(GIVEN MATERIAL)

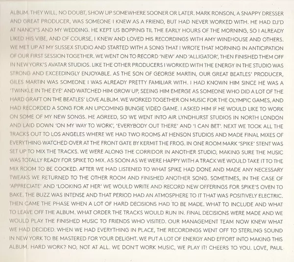 Drums Abraham Laboriel Jr. | Guitar Brian Ray, Rusty Anderson | Keyboards Paul Wickens | Producer Mark Ronson | Written-By, Vocals, Guitar, Bass, Glockenspiel, Percussion, Synthesizer, Celesta Paul McCartney
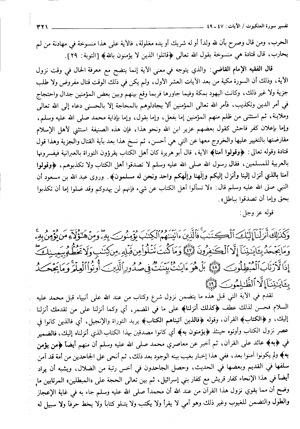 وَكَذلِكَ أَنْزَلْنا إِلَيْكَ الْكِتابَ فَالَّذِينَ آتَيْناهُمُ الْكِتابَ يُؤْمِنُونَ بِهِ وَمِنْ هؤُلاءِ مَنْ يُؤْمِنُ بِهِ وَما يَجْحَدُ بِآياتِنا إِلاَّ الْكافِرُونَ (٤٧) وَما كُنْتَ تَتْلُوا مِنْ قَبْلِهِ مِنْ كِتابٍ وَلا تَخُطُّهُ بِيَمِينِكَ إِذاً لارْتابَ الْمُبْطِلُونَ (٤٨) بَلْ هُوَ آياتٌ بَيِّناتٌ فِي صُدُورِ الَّذِينَ أُوتُوا الْعِلْمَ وَما يَجْحَدُ بِآياتِنا إِلاَّ الظَّالِمُونَ (٤٩)
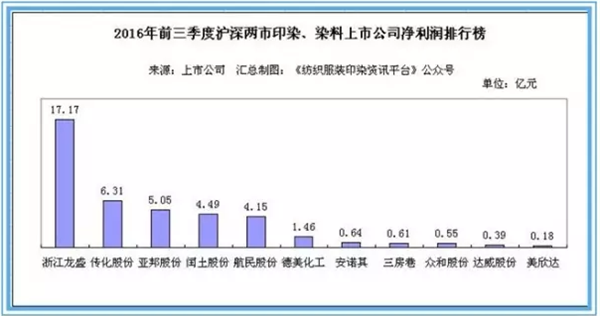 本土染料及染料中间体上市公司闰土股份,2016年1-9月份实现营业收入30.53亿元,与去年同期相比下降10.29%,实现营业利润5.37亿元,与去年同期相比下降32.24%,实现利润总额5.46亿元,与去年同期相比下降35.36%,归属于母公司股东的净利润4.41亿元,与去年同期相比下降35.18%。
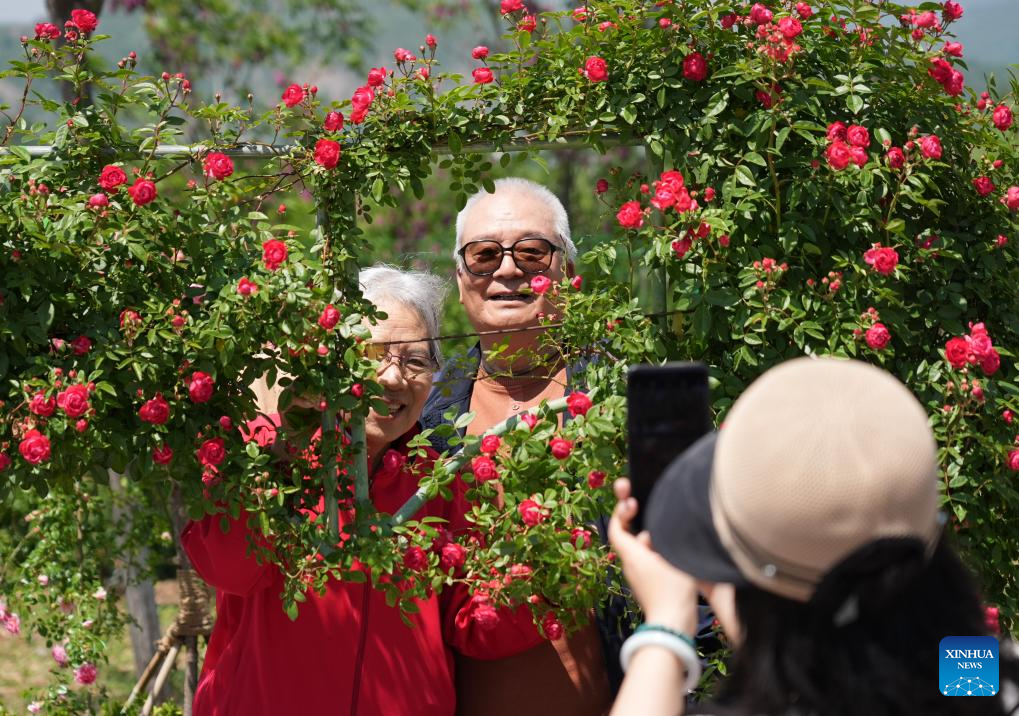 Tourists pose for photos at the ninth International Symposium on Rose Research and Cultivation in Mentougou District of Beijing, capital of China, May 11, 2025. The ninth edition of the International Symposium on Rose Research and Cultivation kicked off here on Saturday and will last till May 15. This event, featuring over a thousand varieties of Rosa Chinensis, or the Chinese rose, from all over the world, attracted a large number of tourists to come and enjoy the flowers and have fun. (Xinhua/Zhang Chenlin)

(End GIVEN MATERIAL)

→ **EXERCISE INSTRUCTIONS**: Exactly reproduce the lines that run from the first line of the listing above to the line containing "本土染料及染料中间体上市公司", including both; omit the pictures.

→ **SOLVED PROBLEM**:
 Drums Abraham Laboriel Jr. | Guitar Brian Ray, Rusty Anderson | Keyboards Paul Wickens | Producer Mark Ronson | Written-By, Vocals, Guitar, Bass, Glockenspiel, Percussion, Synthesizer, Celesta Paul McCartney
 وَكَذلِكَ أَنْزَلْنا إِلَيْكَ الْكِتابَ فَالَّذِينَ آتَيْناهُمُ الْكِتابَ يُؤْمِنُونَ بِهِ وَمِنْ هؤُلاءِ مَنْ يُؤْمِنُ بِهِ وَما يَجْحَدُ بِآياتِنا إِلاَّ الْكافِرُونَ (٤٧) وَما كُنْتَ تَتْلُوا مِنْ قَبْلِهِ مِنْ كِتابٍ وَلا تَخُطُّهُ بِيَمِينِكَ إِذاً لارْتابَ الْمُبْطِلُونَ (٤٨) بَلْ هُوَ آياتٌ بَيِّناتٌ فِي صُدُورِ الَّذِينَ أُوتُوا الْعِلْمَ وَما يَجْحَدُ بِآياتِنا إِلاَّ الظَّالِمُونَ (٤٩)
 本土染料及染料中间体上市公司闰土股份,2016年1-9月份实现营业收入30.53亿元,与去年同期相比下降10.29%,实现营业利润5.37亿元,与去年同期相比下降32.24%,实现利润总额5.46亿元,与去年同期相比下降35.36%,归属于母公司股东的净利润4.41亿元,与去年同期相比下降35.18%。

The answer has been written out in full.